Brassy Blondes (Part II)

Photos courtesy of Google images

Joan Blondell.

Last time we reviewed two wonderful brassy blondes, Jean Harlow and Carole Lombard, each of which had their careers cut short due to early, tragic deaths. This week, our focus is on two gals who happily had much fuller lives, Joan Blondell and Ginger Rogers.
If you’re a fan of the Busby Berkeley “Gold Diggers” movies, you know Joan Blondell as the blonde with the big smile, blue eyes and the heart of gold. Usually playing the role as the leading lady’s best friend, she was cast as streetwise and sexy—the wisecracking dame who was a sucker for love.
Joan was born into show business. Her father was a vaudeville comic and Joan was on the stage from the time she was three-years-old. She traveled the circuit with her parents and joined up with a stock company when she was 17.
She was in several Broadway shows and was starring with James Cagney in “Penny Arcade” when she was signed by Warner Brothers to reprise her role in the movie version, “Sinners’ Holiday” (1930). Cagney and Blondell were given the leads and the film was a success. The two went on to make several more pictures together including “Public Enemy,” the film that made Cagney a major star. Throughout their long careers, Cagney and Blondell would remain fast friends.
Joan never quite rose to that same star level that Cagney enjoyed during her time at Warner’s, generally relegated to playing second leads in the gangster and musical pictures of the ‘30s. She was teamed with singing star Dick Powell in ten musicals alone. I guess they hit it off off-screen as well because the two were married during that time.
By 1939, Joan had left Warner Brothers to become an independent actress and, although her workload slowed considerably, she was able to find a wider variety of screen roles in straight comedy and drama. Three of her better roles were in “Topper Returns,” “Cry Havoc” and “A Tree Grows in Brooklyn.” In 1951, Joan received an Academy Award® nomination for “The Blue Veil,” co-starring with Jane Wyman. Her work in “The Cincinnati Kid” (1965) opposite longtime pal from the Warner days, Edward G. Robinson, was one of her best latter day parts.

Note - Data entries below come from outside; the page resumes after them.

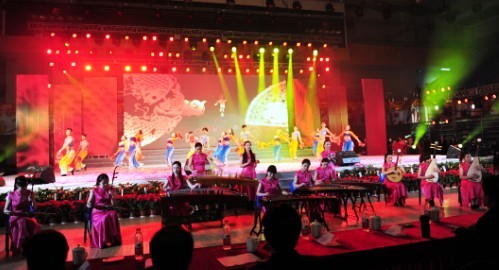 仪式结束后,一曲《喜洋洋》以熟悉而欢快的旋律将观众带进中国传统节日的喜庆里,晚会正式拉开序幕。歌曲《闪亮的日子》《在那遥远的地方》追述了老一辈人的青春、梦想与追求;舞蹈《万泉河水》回忆了老一辈人青春里的羞涩与纯真。与此不同的是,歌曲串烧尽显新一代青年的激情与活力;闪耀的街舞将80、90后的张扬个性、激情青春表现得淋漓尽致。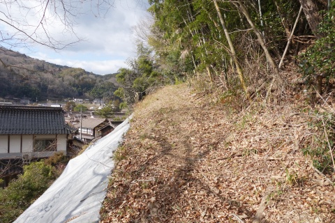 南へ140m、左折して東へ70m進むと、笹尾城跡の登り口に至る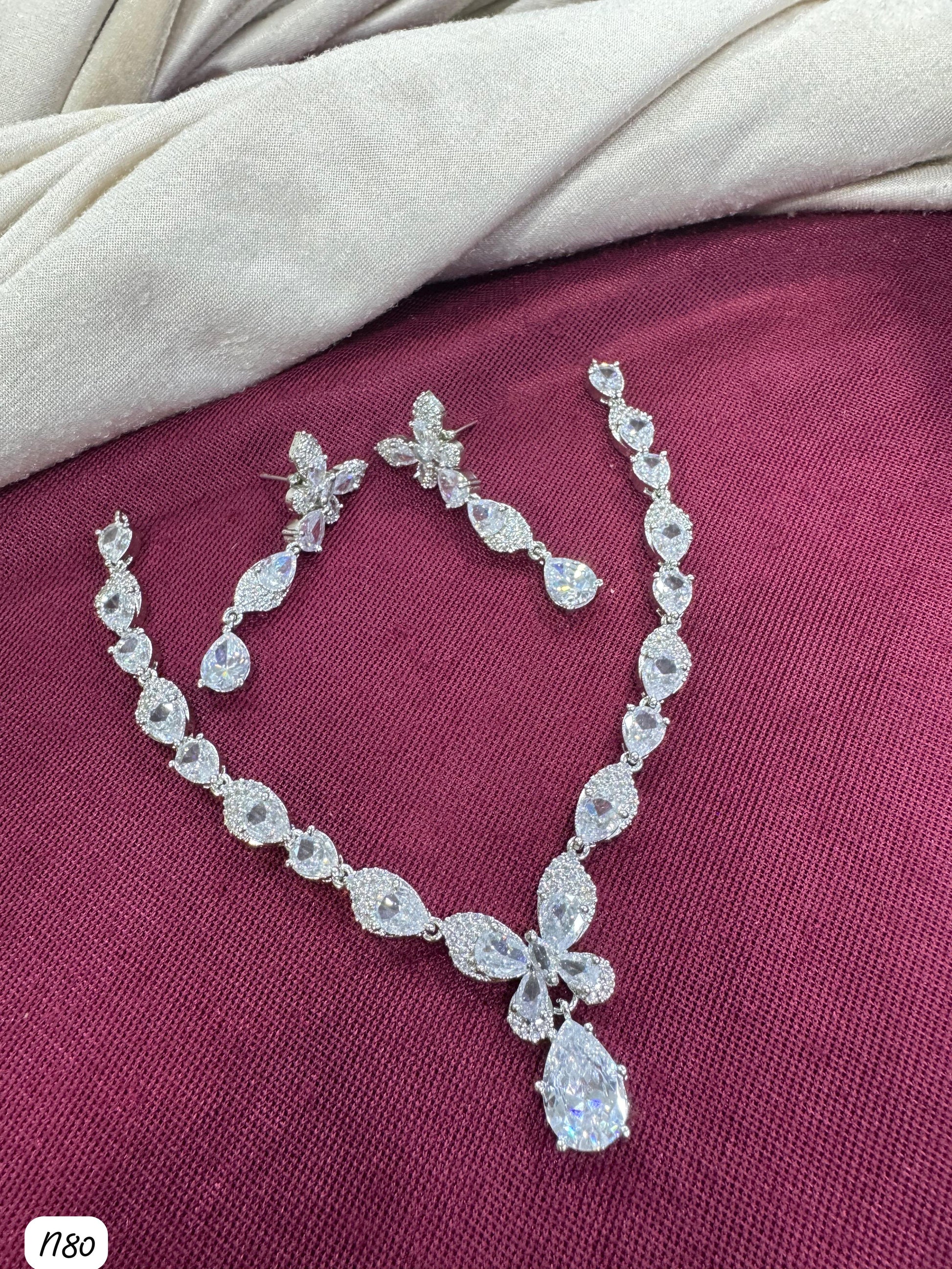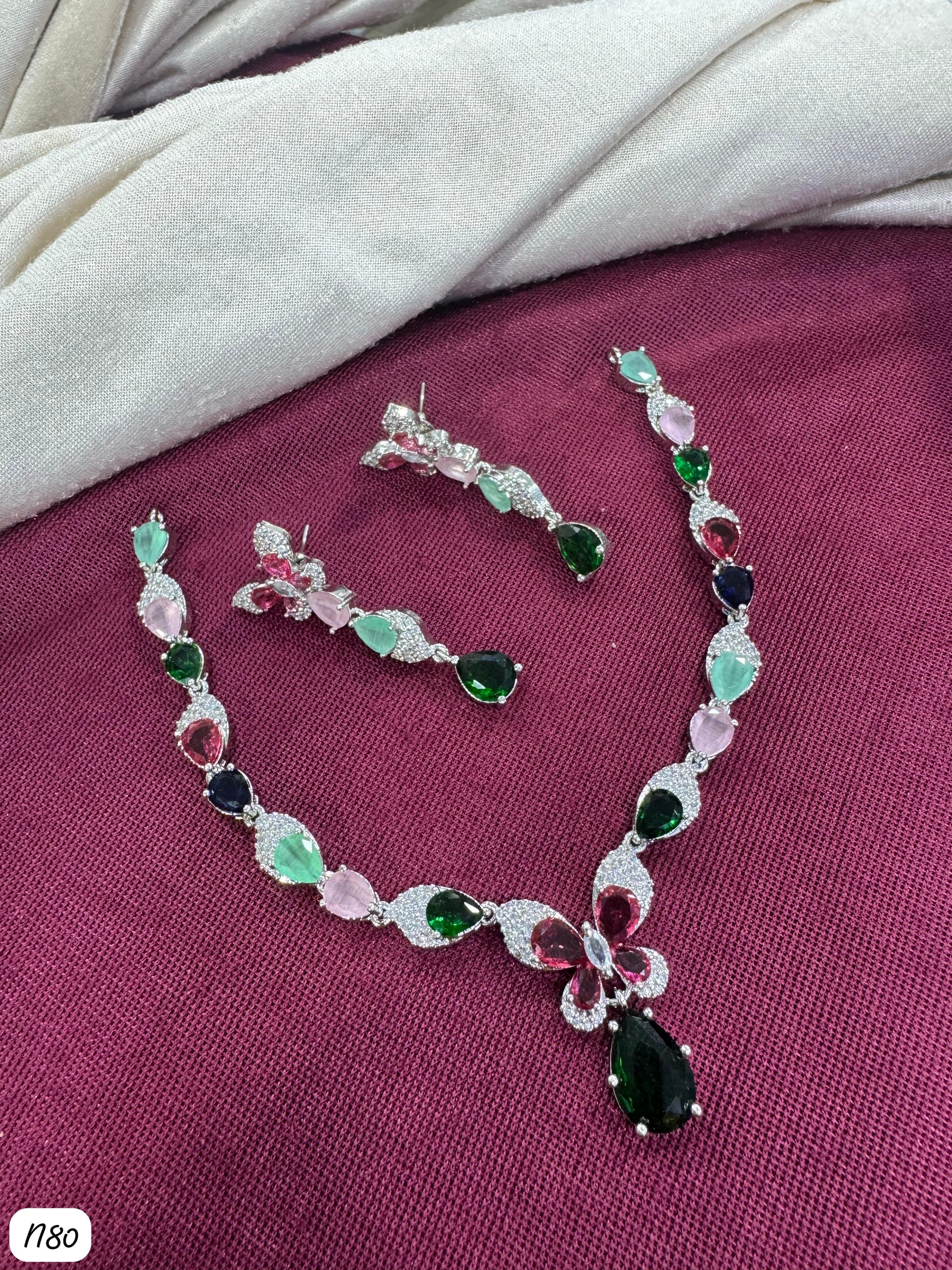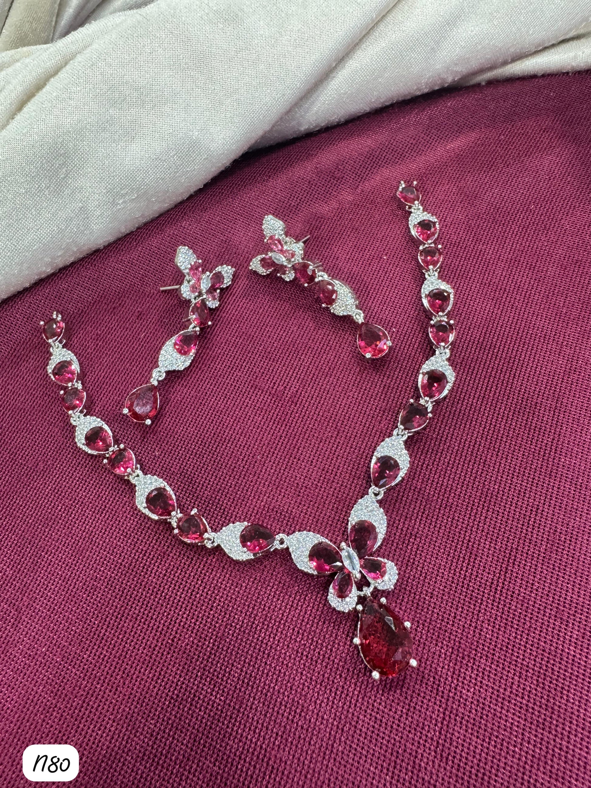 Butterfly Drop AD Stone Necklace Set with Matching Earrings

Photos courtesy of Google images

Ginger Rogers.

She had tremendous success on the stage, including a musical version of “A Tree Grows in Brooklyn,” and did quite a lot of television work throughout the ‘50s, ‘60s and ‘70s. She was twice nominated for an Emmy for her role as ‘Lottie’ in the TV sitcom “Here Come the Brides.” Whether it was comedy or drama, large part or small, Joan Blondell was a hard-working gal who took whatever role was offered and made it her own. She was a one-of-a-kind and indeed a show business “trooper.” Joan Blondell died in 1979.
It’s impossible not to think Ginger Rogers when you think Fred Astaire. The two were the most famous dance partners in all of movie history—maybe of all history, period. Astaire and Rogers indeed go together like bread and butter, ham and eggs or Proctor and Gamble. But Ginger all by herself is pretty terrific and one of the true Brassy Blondes of the movies.
Born Virginia Katherine McMath in Independence, Missouri on July 16, 1911 to a hard-driving stage mother known as Lelee. It was Lelee who pushed her daughter into show business and guided her career for much of her life. Ginger won a Charleston dance contest in 1925 (age 14) and a 4-week contract on the Interstate circuit. She was in various vaudeville acts until she was 17, with her mother by her side to guide her. By the late ‘20s, she acquired an agent and she did several short films. She went to New York where she appeared on Broadway. Her first film was in 1929 in “A Night in a Dormitory” (1930).
Her breakout picture was “Gold Diggers of 1933.” Movie audiences loved her blonde beauty, brassy personality and her cute voice, and wanted more. Her solo of the tune “We’re in the Money,” sung partly in pig Latin, was a huge hit. She starred with Dick Powell in “Twenty Million Sweethearts” but once she was teamed with Fred Astaire in 1933, magic happened and her stardom skyrocketed. Astaire and Rogers proved to be one of the best movie couples ever to hit the silver screen, making a total of 10 musicals together, all but one (“The Barkleys of Broadway” for MGM in 1949) for RKO.
Ginger also appeared in some wonderful comedies on her own, such as “Bachelor Mother,” “Roxie Hart,” “5th Avenue Girl,” “The Major and the Minor” and “Monkey Business.” Once Ginger left RKO, she made several dramatic pictures but it was 1940’s “Kitty Foyle” (1940) that won her an Oscar for her portrayal. She continued to work in pictures, and on the stage, for decades until retiring in 1991. In 1995, Ginger died of natural causes in Rancho Mirage, California. She was 83.
Ginger Rogers, Joan Blondell, Carole Lombard and Jean Harlow. Those brassy, blonde and beautiful babes of the ‘30s. Bless them all.